Charliegirl2: No offense taken at all! Sometimes I get so caught up in writing I do stuff like that-actually a lot. And the fact that I didn't use spell check kinda messed me up too^-^; Thanks for that I enjoy criticism when its not put rudely, which you didn't do so I highly appreciate that. Thanks for the compliments, and yes she is going to leave The House but that's all I'm saying. Thanks for reviewing ^.^  
  
Ice-otter: I just got Wolf Wing today, unfortunately I can't start it since I'm reading something else I would probably mix it up. Thank you for the compliments, and for reviewing. I really appreciate it^_^  
  
Pretty-in-Punk1: *joins in the cheering*  
  
Mandy: Thanks Mandy, I'm glad to know I'm not creating an entirely different character here. Thank you for reviewing.  
  
~Her escape~  
  
I believe that when I last wrote, which was just yesterday, I mentioned an invader balloon. Here at the house we never get visitors, we keep to ourselves. No one ever leaves, everyone wants to stay in the safe blanket that is The House. Beyond the veil is a horrible place deemed "The Waste", for that is what it is. I've often gone on top of the walls that keep anything from entering our safe sanctuary. For as long as I can see there is nothing but desert, and beyond that who knows. I grew up with tales of how horrible The Waste is. They say the days are scorching, and the nights are freezing. They speak of horrible monsters unlike anything we can imagine, madmen who roam the deserts killing, stealing and torturing wanderers.
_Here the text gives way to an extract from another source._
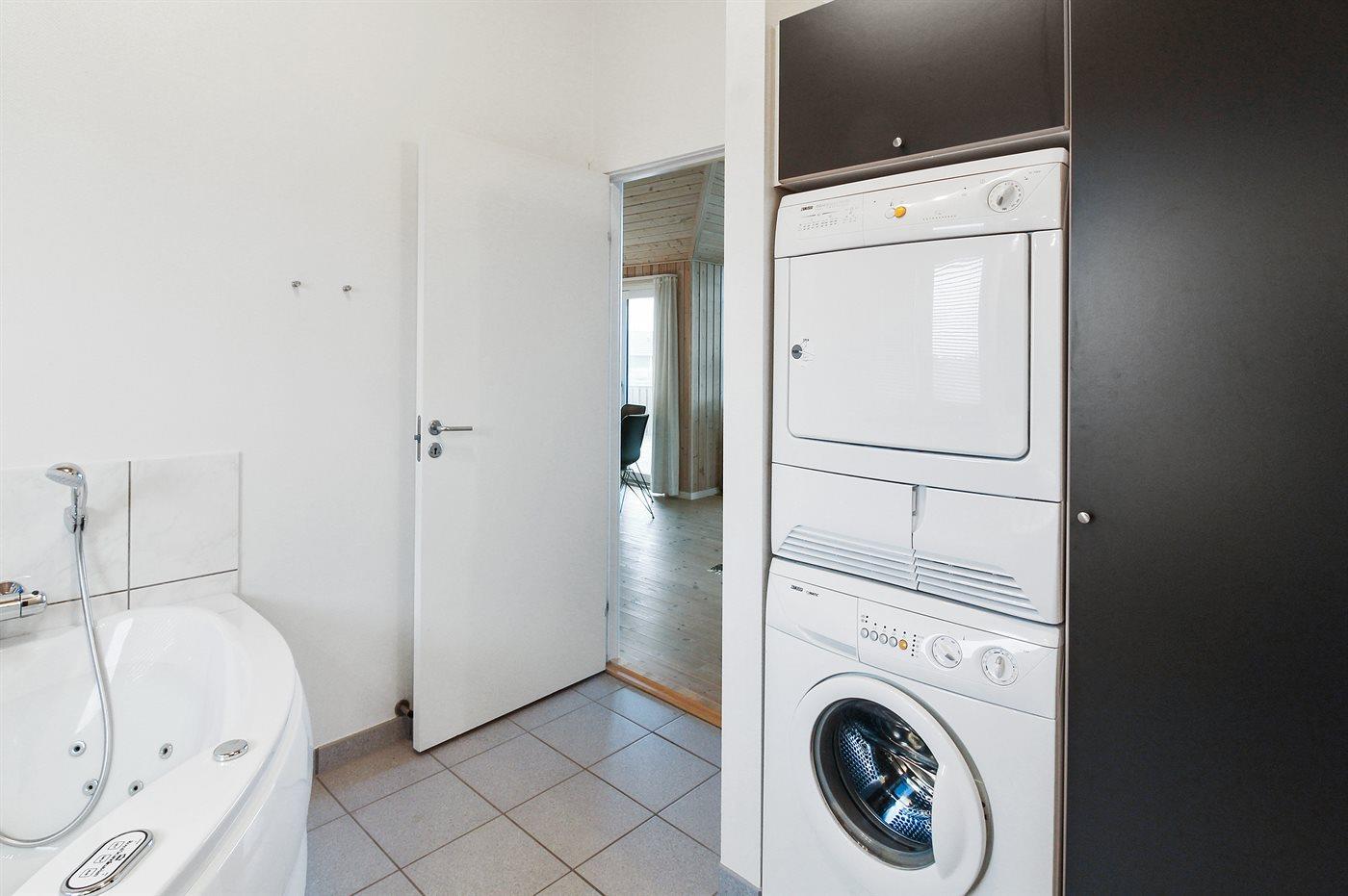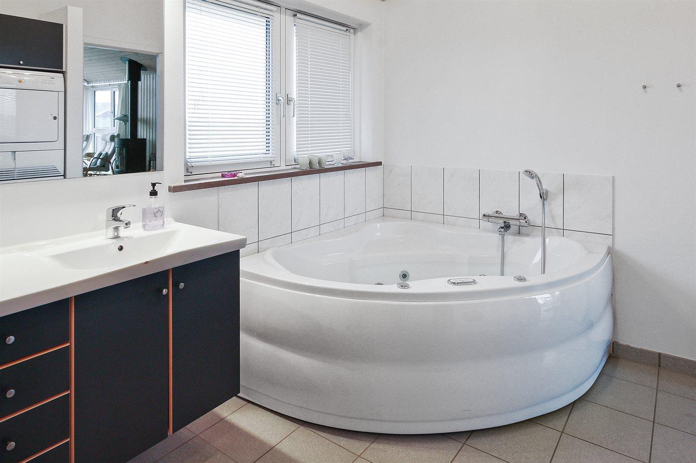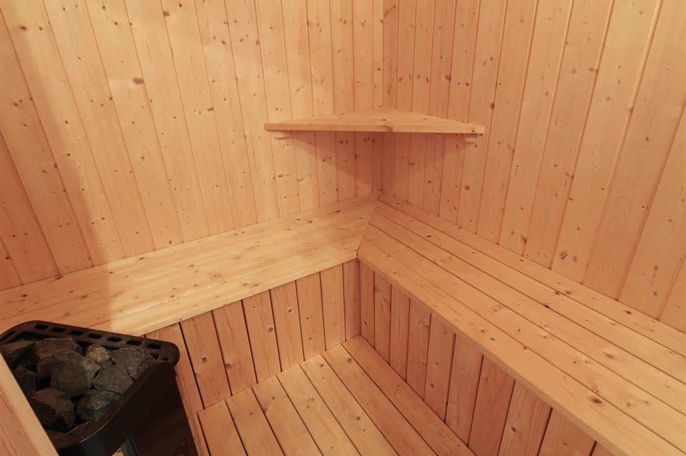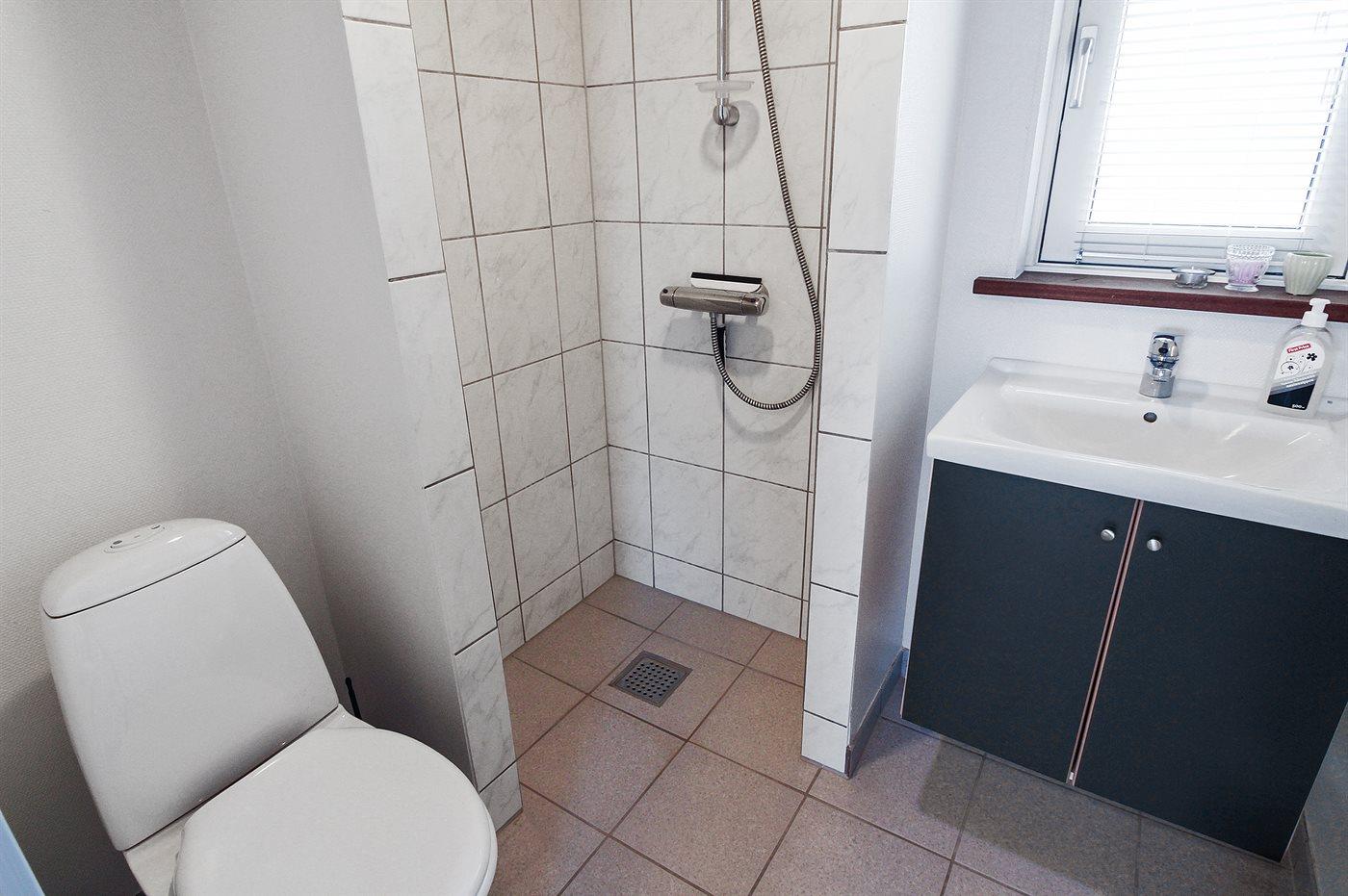 Der er 2 badeværelser med bruseniche og 2 toiletter. Der er gulvvarme på 2 badeværelser. I saunaen er der mulighed for afslapning.
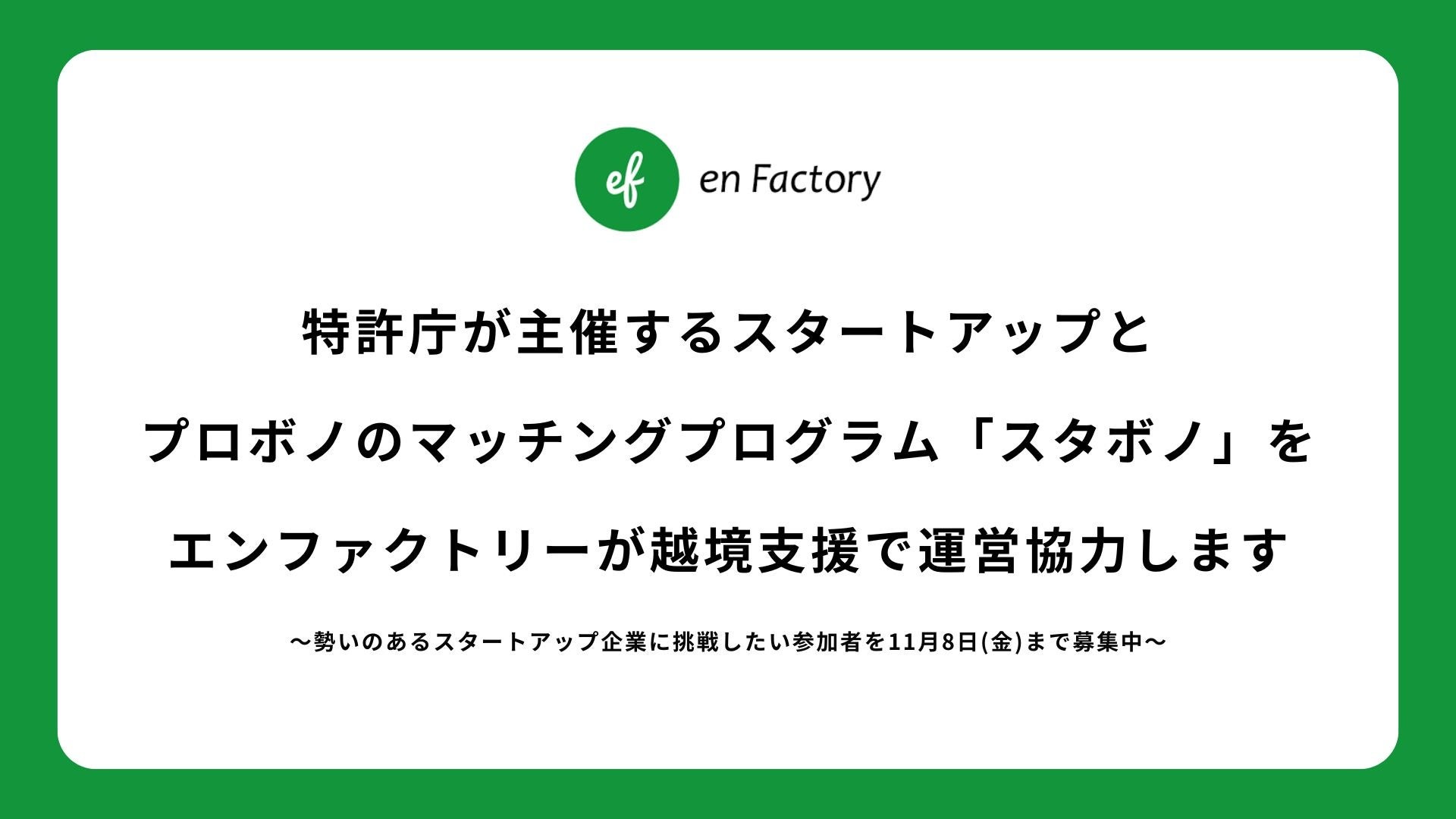 株式会社エンファクトリー(東京都千代田区、代表取締役:加藤健太)は、特許庁が主催するスタートアップとプロボノのマッチングプログラム「スタボノ」(URL:https://youtrust.jp/kanau/47)の運営協力を行うことをお知らせします。

Everything in The Waste lives only for itself, with no concern for others, that's how it is. No one has ever willingly gone to the The Waste, often times when idiots break some of our most important rules they are exiled. Serves them right, without the Rituals with which we live our lives it would be utter chaos and we would be no better off then those madmen of The Waste. Our Rituals define all the traits of civilized human beings-there are those of love, of wisdom, of cleansing, of life, death, those of respecting the nature around us, of all that is important. Those who cannot see this are fools, they cannot see that people alone can not stand up, that we need some thing to pick us up and lead us. And we communicate with this "thing" through the Rituals we do. Ah, I am getting off that subject. As I was saying earlier no one had ever willingly gone into The Waste until yesterday, and can you guess who it was? Claidi of course, I am certain that comes as no surprise. Let me start from the very beginning seeing as how you must be confused, but I am too since everything seems so completely wrong and I do not know the entire story myself.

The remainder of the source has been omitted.